At least Leah Landau had cheated the Germans, for her gold teeth had been extracted long before and exchanged for food.

Winter was coming once again and the German roundups were becoming more and more frequent.

The entire ghetto moved into cellars, taking everything of value with them. The cellars expanded and some, like the Redeemers’, became elaborate bunkers. Dozens, then hundreds, of bunkers sprouted and connecting tunnels began to weave through the earth.

The sweeps of the Germans and their Polish Blues and Lithuanians netted fewer and fewer Jews for Treblinka.

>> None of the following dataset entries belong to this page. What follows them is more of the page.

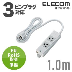 エレコム EU RoHs指令準拠 二重構造工事用 電源タップ 延長コード コンセント タップ 抜け止め 3P 2個口 3Pプラグ マグネット グレー 1.0m┃T-WRM3210LG/RS
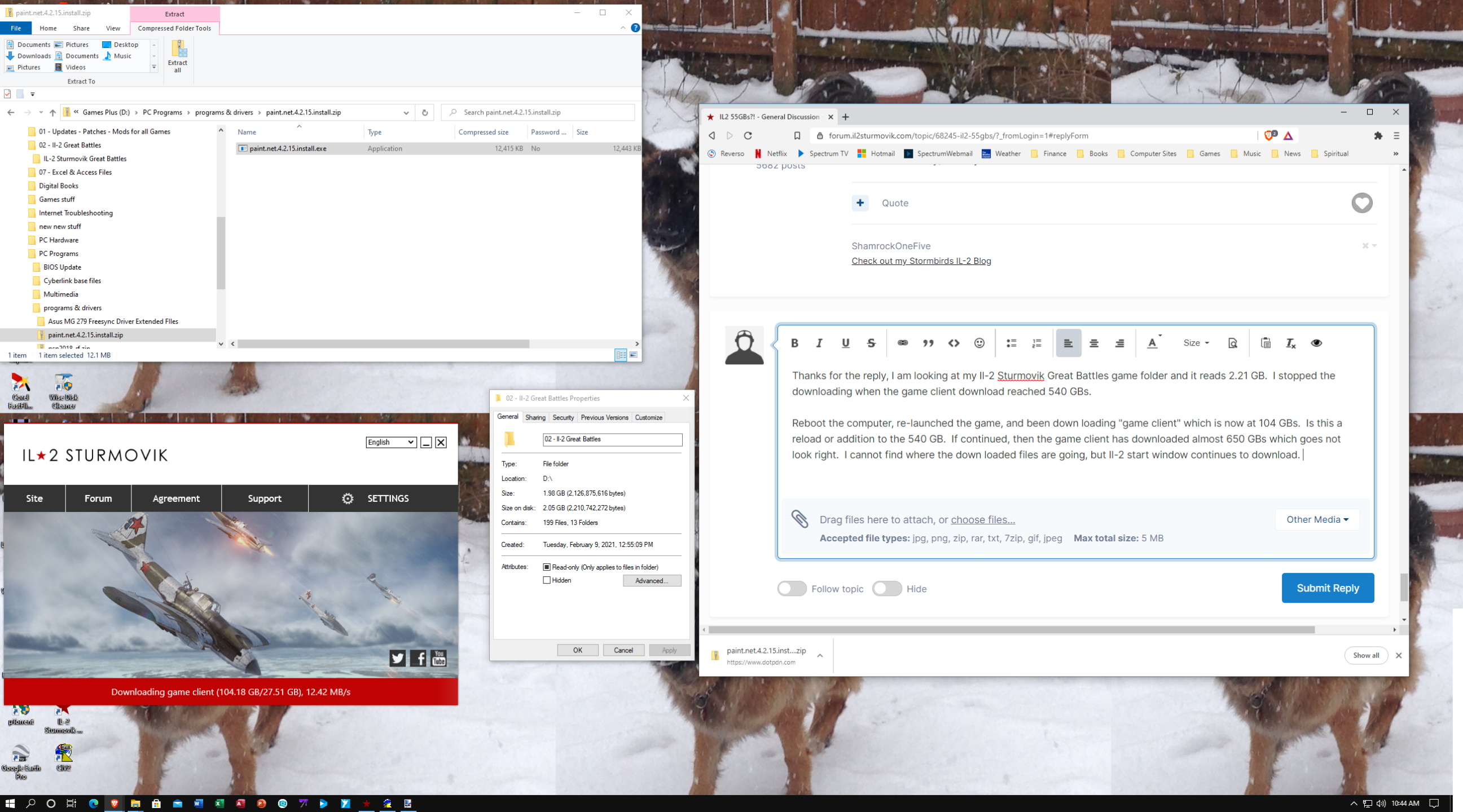 DougW Posted February 10, 2021 Posted February 10, 2021 Thanks for the reply, I am looking at my Il-2 Sturmovik Great Battles game folder and it reads 2.21 GB. I stopped the downloading when the game client download reached 540 GBs. Reboot the computer, re-launched the game, and been down loading "game client" which is now at 104 GBs. Is this a reload or addition to the 540 GB. If continued, then the game client has downloaded almost 650 GBs which goes not look right. I cannot find where the down loaded files are going, but Il-2 start window continues to download.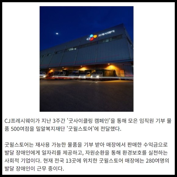 [프라임경제] CJ프레시웨이가 지난 3주간 '굿사이클링 캠페인'을 통해 모은 임직원 기부 물품 500여점을 밀알복지재단 '굿윌스토어'에 전달했다.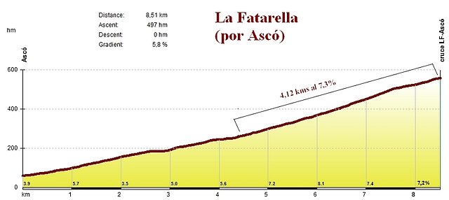 El Alt de Paumeres – La Fatarella, que se asciende dos veces en la 4ª etapa con final en Ascó, es uno de los puntos más selectivos y propicios para los ataques de la carrera. Perfil de mikmik44

The Germans became angered. The bunkers were so well concealed they were nearly impossible to locate. At last the commander of Warsaw himself entered the ghetto one day to speak to the leader of the Jewish Council. He was angry and demanded that the Jewish Council assist the Germans in speeding up the resettlement program by locating the cowards who hid from “honest labor.” For over three years the Jewish Council had been trapped and torn between carrying out German edicts on the one hand and trying to save their people on the other. Now, shortly after the German demand for assistance, the leader of the Jewish Council committed suicide.

It was winter in the ghetto again.

Mundek’s Redeemers were assigned to plan the defense of a section of the Brushmakers’ district. Dov spent his time either in the sewers or in the bunker forging travel passes. Actually his trips “under the wall” allowed him one or two decent meals a week at Wanda’s. On his trips out of the ghetto he now led old people or others unfit for combat. On his trips in he carried arms and radio parts.

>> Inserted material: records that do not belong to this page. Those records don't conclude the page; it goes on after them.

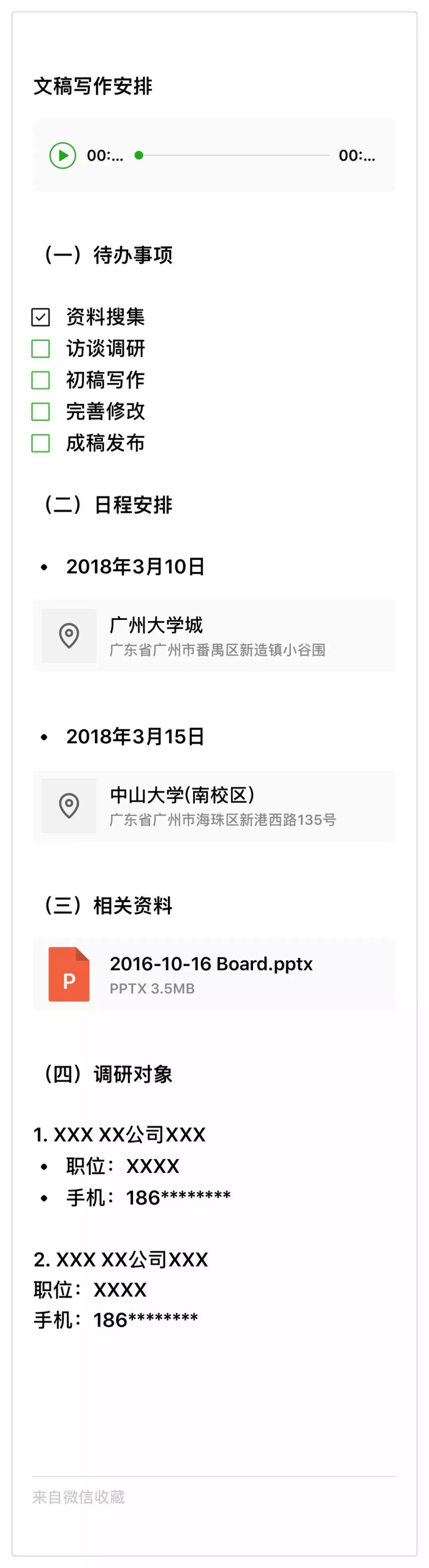 现在好啦!我们可以在微信笔记里写好待办事项、相关工作安排,并插入对应的文件。对方打开、阅读、下载,并开展工作,一气呵成~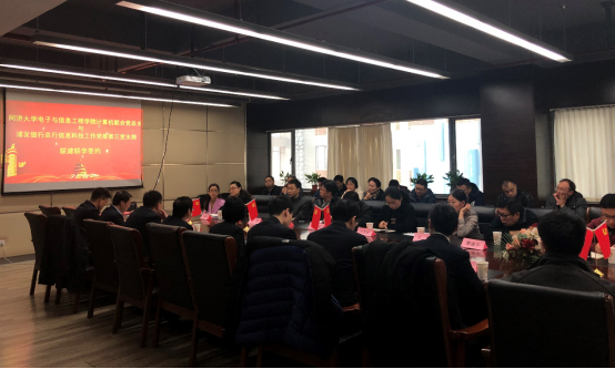 在当前“不忘初心、牢记使命”主题教育的背景下,在践行“三全育人”理念的实践中,2019年12月3日下午,计算机联合党总支与浦发银行总行信息科技工作党委第三党支部联建联学签约仪式在嘉定校区智信馆305室举行。此次共建签约活动也是计算机联合党总支教工第三支部的一次特殊组织生活,活动由支部书记张冬冬主持。公司党委副书记向阳(主持工作)、计算机联合党总支委员、教工第三支部全体党员以及部分员工党员代表,浦发银行科技部副总经理张国栋、吴德柱(第三党支部书记),陈仲肃(第三党支部副书记)等党员代表出席会议。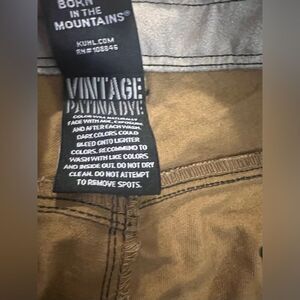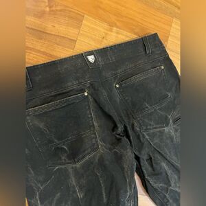 Kuhl Rydr vintage patina black denim jeans. these are intentionally marbled, bleached and distressed, they are in excellent condition, great for casual wear or hiking, etc. Size 38 x 32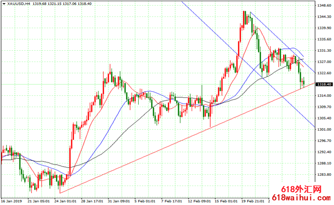 分析理由:现货黄金周三(2月27日)扩大跌幅,美市盘中最低下探至1316.43美元/盎司,金价已下破1320关口,进一步走弱。美元则止跌转涨,美指盘中最高触及96.18,在96关口上方运行。周三美联储主席鲍威尔继续在众院作证,其讲话偏鹰派,对金银市场形成利空,对美元形成提振。黄金短线跌势暂缓,但是整体走势依旧承压,MA均线有加速回落的迹象,且金价目前承压于60周期关键均线下方,KD以及RSI指标也倾向继续下跌,孔明分析这将在很大程度上限制黄金的反弹空间。上行首先需关注1326.50美元附近阻力。继续受阻于该水平,那么黄金将大概率加速回落。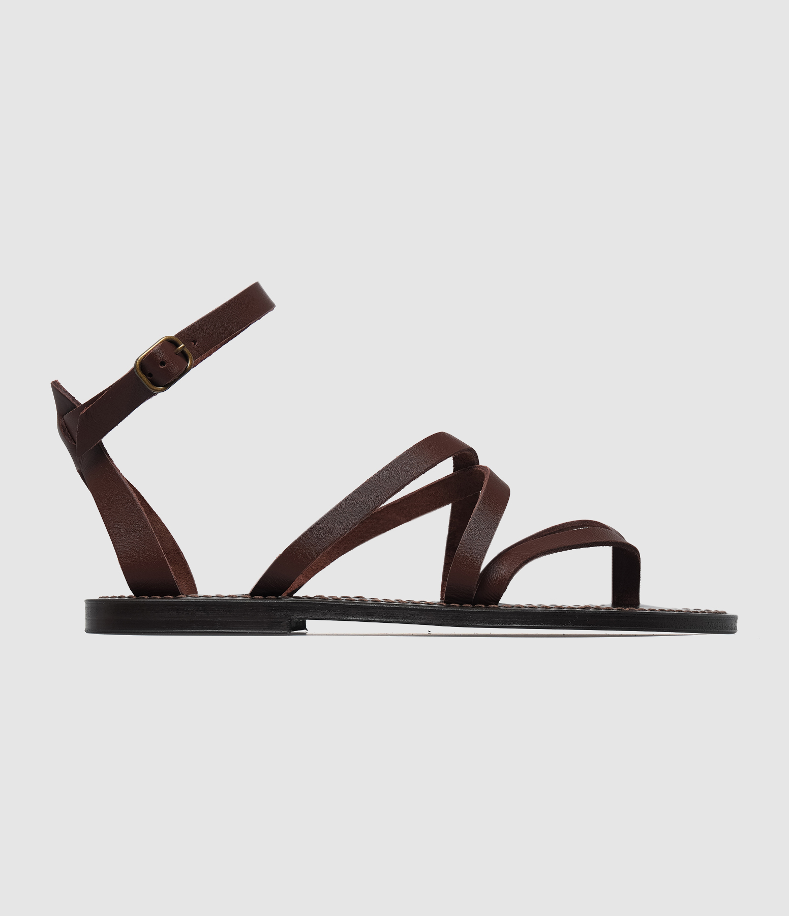 Sandales en cuir marron. Brides à l'avant et une réglable à attacher autour de la cheville.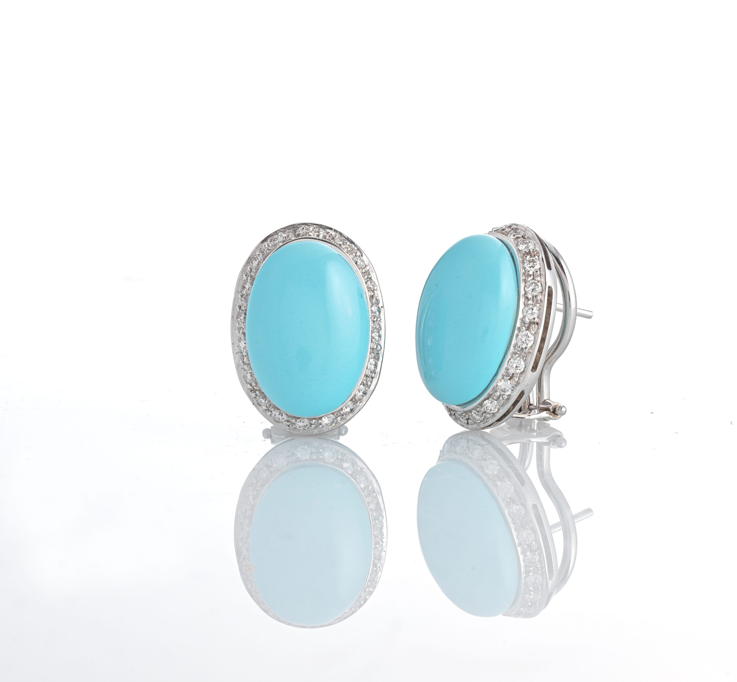 Orecchini in oro 18 kt con turchese naturale e diamanti kt. 1,10

During the winter of 1943 the death rate became appalling. Out of an original five hundred thousand who had been put into the ghetto, only fifty thousand were alive by the end of the year.

One day in mid-January, Mundek and Rebecca took Dov aside before he was scheduled to descend into the sewer on a trip to Wanda’s.

“It seems that we don’t have much of a chance just to sit around and talk these days,” Mundek said.

“Dov,” Rebecca said, “we all talked it over here and took a vote while you were in Warsaw the last time. We have decided that we want you to stay on the other side of the wall.